Your assignment:
Lines from the one with "他最知名的漫画当属1979年" to the end of the material, both included: print them exactly and print nothing else. Omit the pictures.

Dataset excerpt:

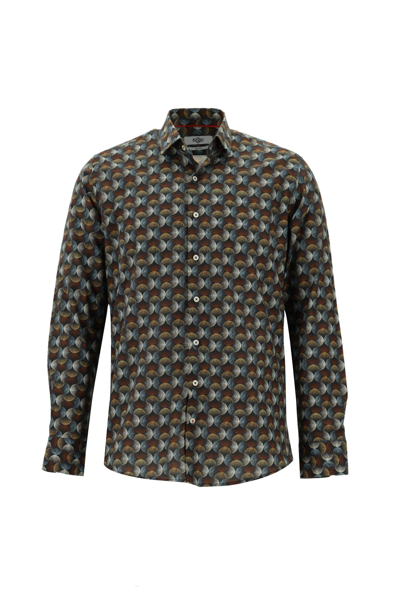 Kiremit Uzun Kol Baskılı Slim Fit Dar Kesim Pamuk Gömlek
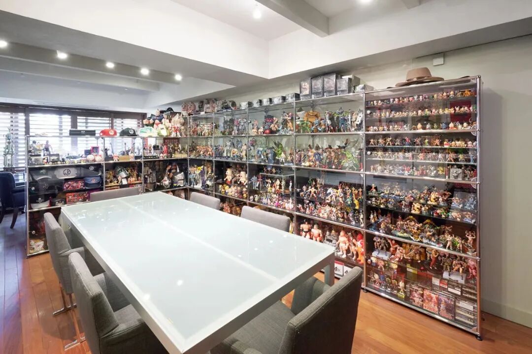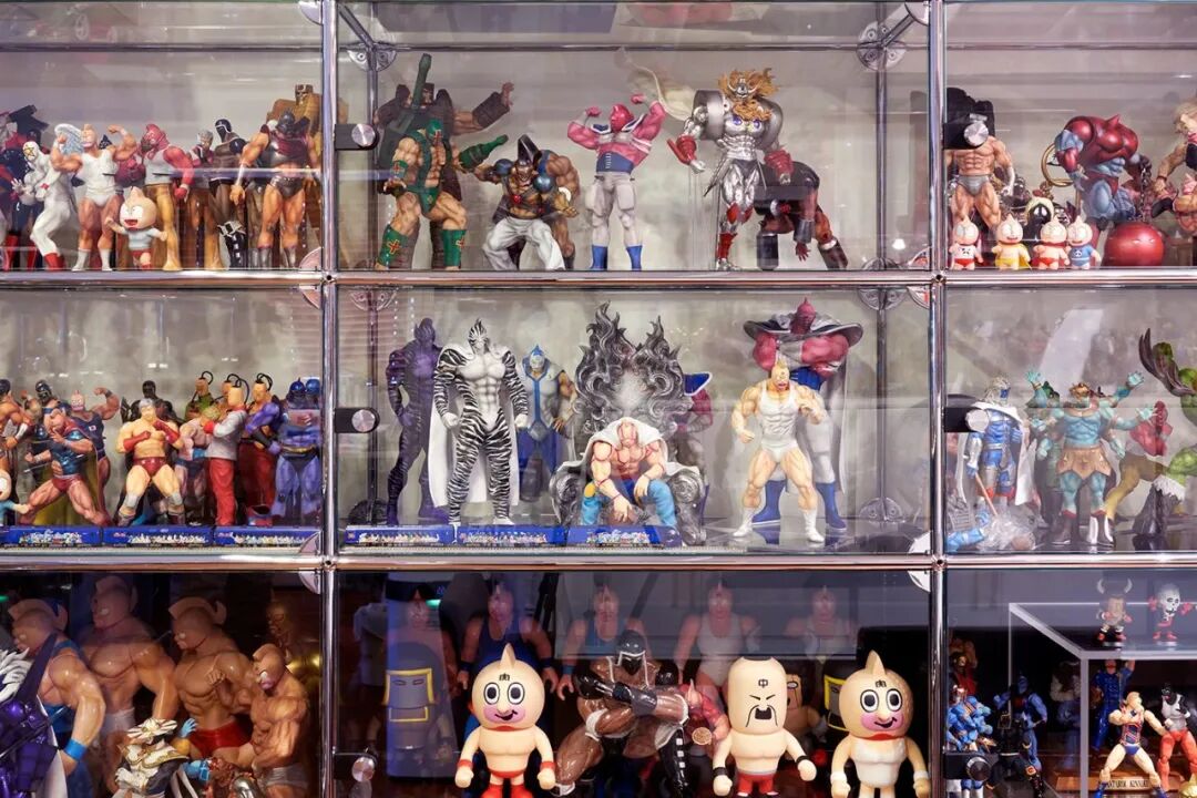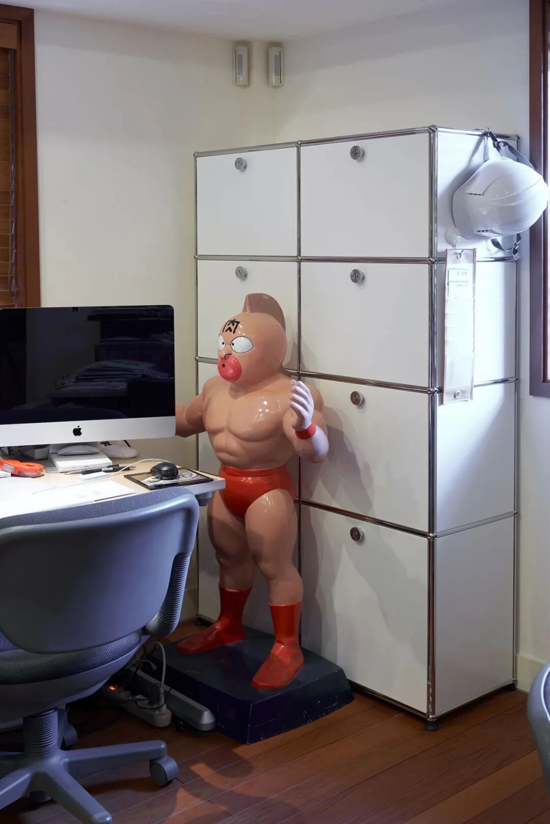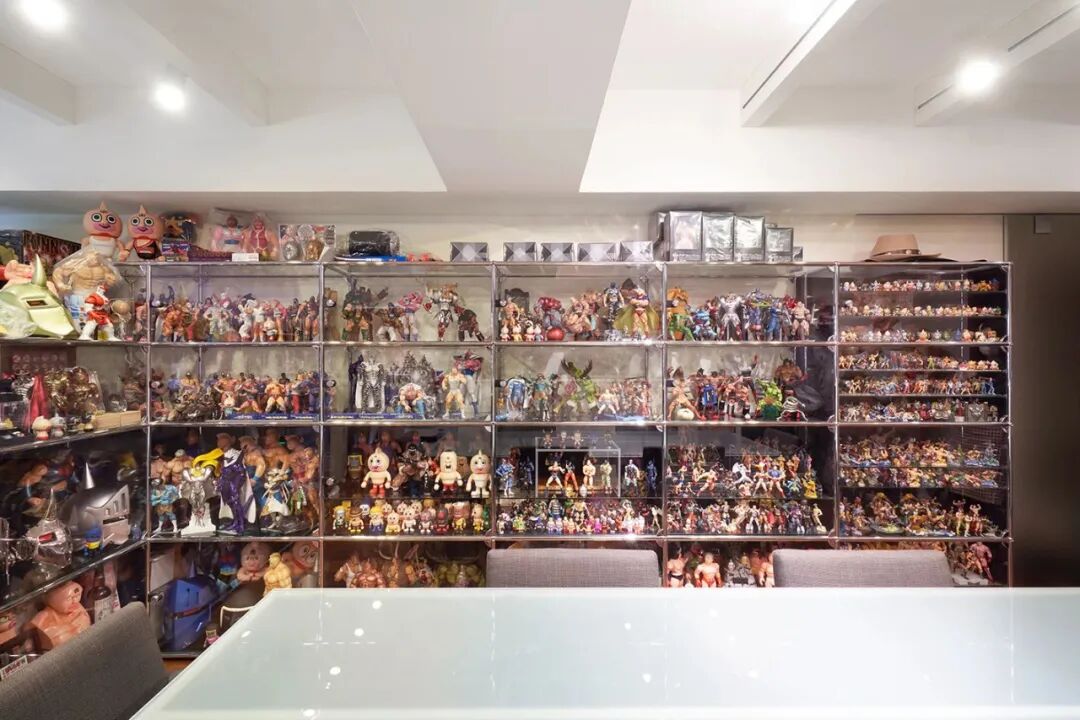 他最知名的漫画当属1979年被《周刊少年Jump》连载的《金肉人》(Kinnikuman),而柜子里展示的就是漫画里的数百个超人角色。收藏的十年间,USM Haller收纳柜已经扩张过两次,纤细的不锈钢边框与玻璃门搭配,形成整洁无暇的空间,方便搭建与搬运。
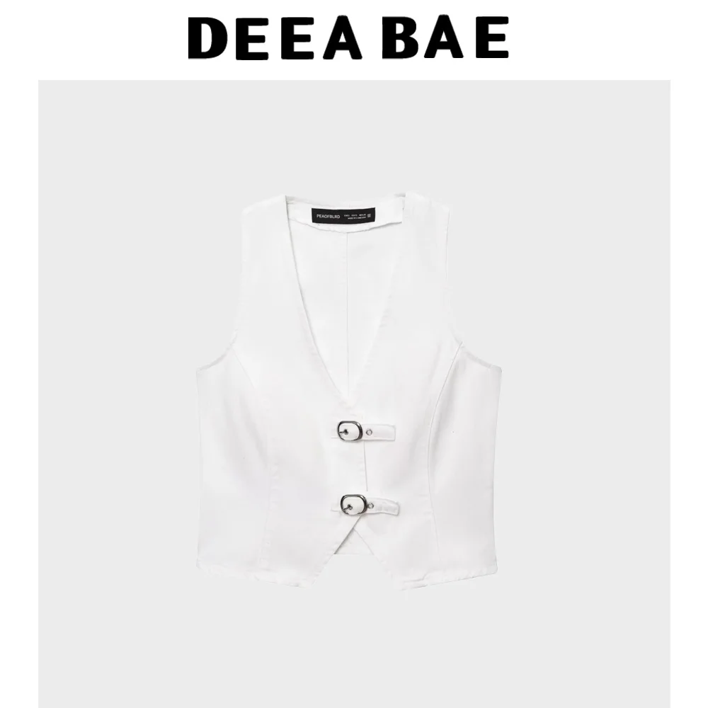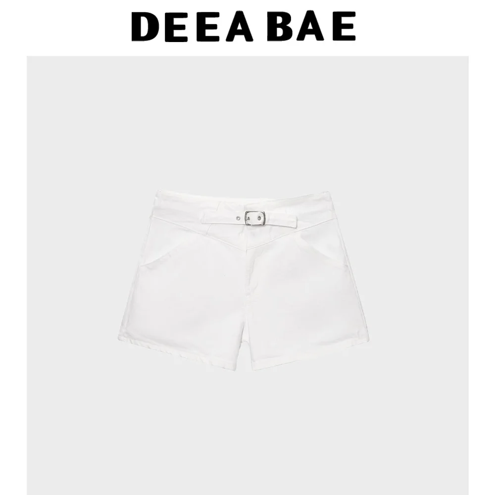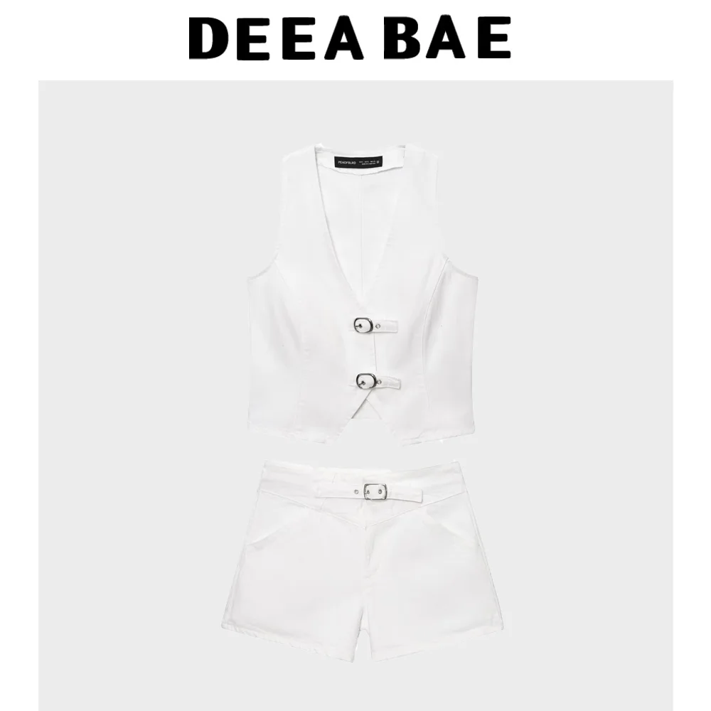 DEEABAE 2025 summer new product temperament buckle decoration denim casual vest front belt decoration shorts set

Exercise solution:
 他最知名的漫画当属1979年被《周刊少年Jump》连载的《金肉人》(Kinnikuman),而柜子里展示的就是漫画里的数百个超人角色。收藏的十年间,USM Haller收纳柜已经扩张过两次,纤细的不锈钢边框与玻璃门搭配,形成整洁无暇的空间,方便搭建与搬运。
 DEEABAE 2025 summer new product temperament buckle decoration denim casual vest front belt decoration shorts set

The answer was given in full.